ART
The mixed summer shows are with us again; the art schools go through their paces. Most important of these latter displays is the exhibition, mounted with considerable panache by Sir Hugh Casson, of work done by students and ex-students of the Royal College of Art since its reorganisation five years ago, which may be seen for a few more days yet at the Victoria and Albert Museum.
There has always been a close connection between the College and the Museum. Four years after it was founded, however, it began to train teachers and soon lost sight of its original purpose, which was industrial design, until the major shake-up of 1947-8. Last year, of the fifty students leaving, thirty-five took jobs in industry, five became freelance designers and only eight went into teaching. Nowhere does happy surprise at this reversal of its unfortunate tradition seem to be greater than at the College itself. Great play is made of the students' practical outlook and the confidence with which they have come to terms with the machine. After all the money, talent and plant that have been poured into the College during the past five years, it would be a shocking thing were it otherwise. The main preoccupation of the College must be to place its graduates in jobs, but from the outside one cannot help wishing there were in this exhibition a few more signs of dash and devil-may-care, of ruthlessness and vulgarity and fierce fires of faith.

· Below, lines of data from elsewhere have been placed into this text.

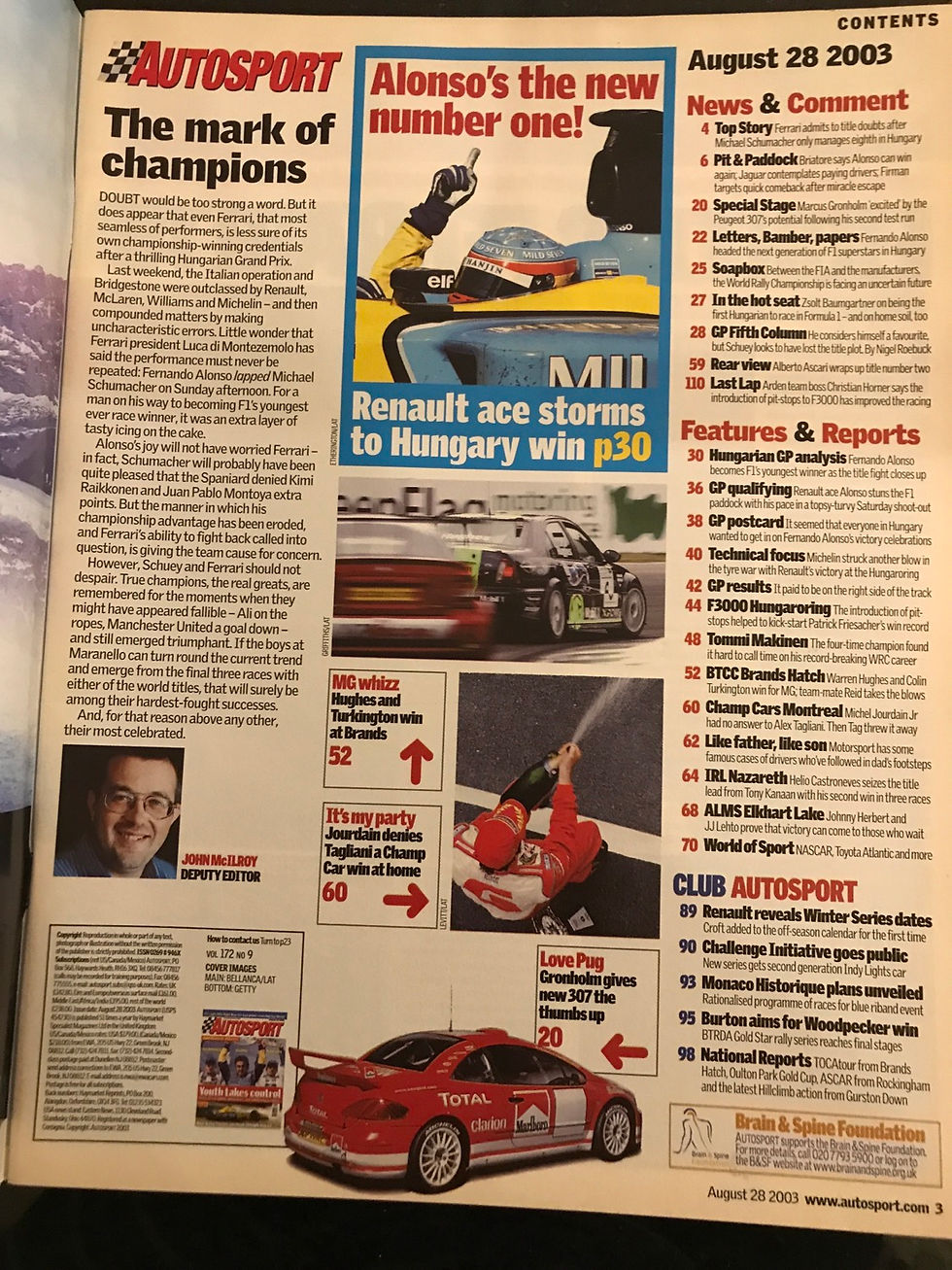 Autosport Magazine 28 August 2003 Alonso Wins Hungarian F1 GP Hughes MG BTCC
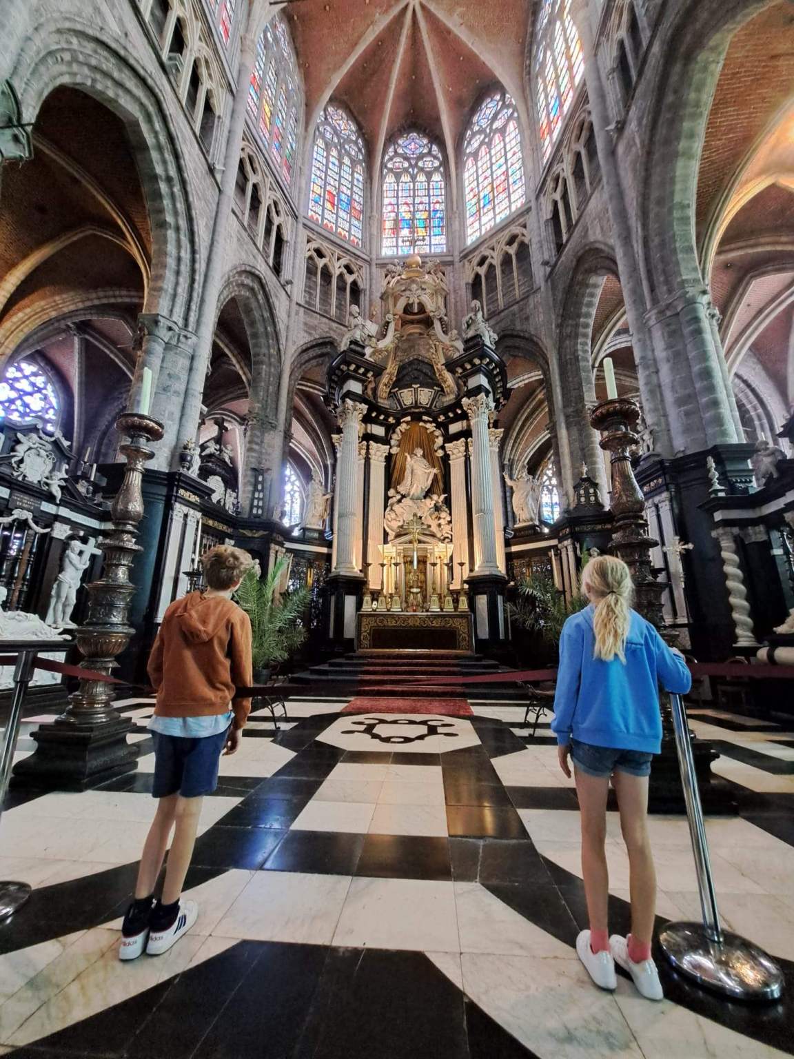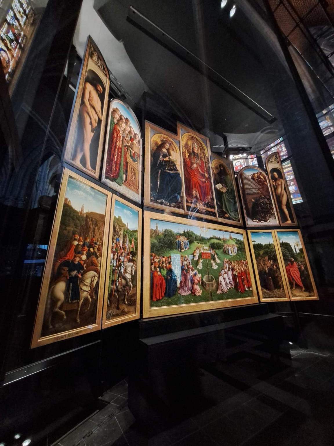 Vervolgens 350 meter doorstappen naar de Sint-Baafskathedraal, waar we het Lam Gods bezichtigden. Opnieuw pauze, deze keer 25 minuten, op een terras op het Sint-Baafsplein.
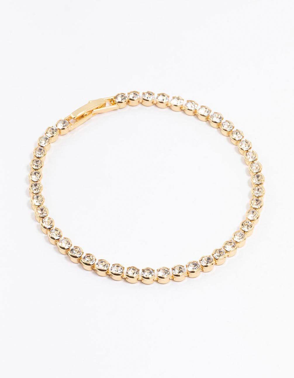 Indulge in the irresistible allure of a tennis bracelet with this Gold Plated Diamante Tennis Bracelet. This diamante encrusted piece elevates any ensemble.
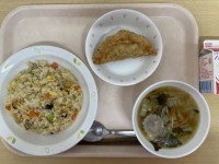 【今日の献立】 牛乳 チャーハン ジャンボぎょうざ 中華スープ【食材の産地】 米・・・宮城県 豚肉・・・群馬県 鶏肉・・・岩手県 鶏卵・・・群馬県 生わかめ・・・岩手県 玉ねぎ・・・北海道 人参・・・...
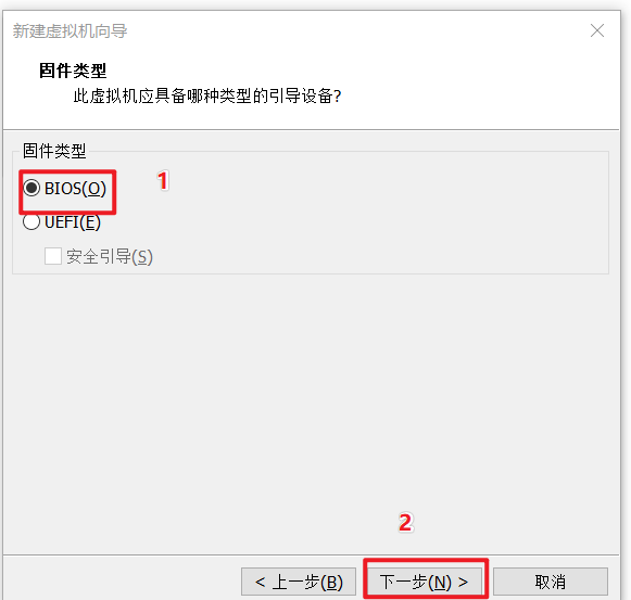 7、选择固件类型,一般重装 Windows 10,使用 Bios 或者 UEFI 都可以。

Consciously or unconsciously, the College seems to have set itself the task of re-introducing decoration into an industrial design left over-arid by functionalism (even, perhaps, of creating a national style of decoration). In this it shows the more romantic side of the design penny, the more austere and classical face being represented by the L.C.C.'s Central School of Arts and Crafts. The R.C.A. style is based on a series of fashionable shapes—the crescent, the tapering limb or line, the spike and the blob—and shows itself in fields as far removed from one another as sculpture, stained glass, industrial glass, commercial and graphic design. Unlike the only real existing tradition, that inherited from the Bauhaus, it is a style based essentially on the curve. To eyes accustomed to the former
it appears rich, a little sweet, terribly gracious living, well-bred and well-mannered, very upper-crust. Student typographers, for-example, prefer Profil or swash capitals to Gill Sans, and invitation cards for exhibitions to catalogues.
It would, perhaps, be unfair to stress overmuch a certain lack of gusto, for this is the central problem that faces design everywhere— how to reconcile an element of vulgarity with a modicum of good manners. There are some very excellent things to be seen at the V. and A, as well as some which belong in the bargain basement. Geoffrey Clarke and the other stained glass workers who are going to be responsible for the glass in Coventry Cathedral are by now well known; David Mellor, Geoffrey Bellamy and Gerald Benney show some admirable metalware, the re-introduction of china handles in Mr. Mellor's cutlery being especially noteworthy; Miss Pat Albeck's are among the better designs of some rather routine textiles; of the industrial glass, some simple, unaffected things by first-year students are very pleasing, and Geoffrey Baxter has a new line in intaglio decoration. Of the Painting School, William Lacey, Richard Platt and Jack Smith stand out; of the sculptors, most of whom are technically excellent but a little too fashionable, John
McCarthy, and Miss J. R. Gibson. M. H. MIDDLETON.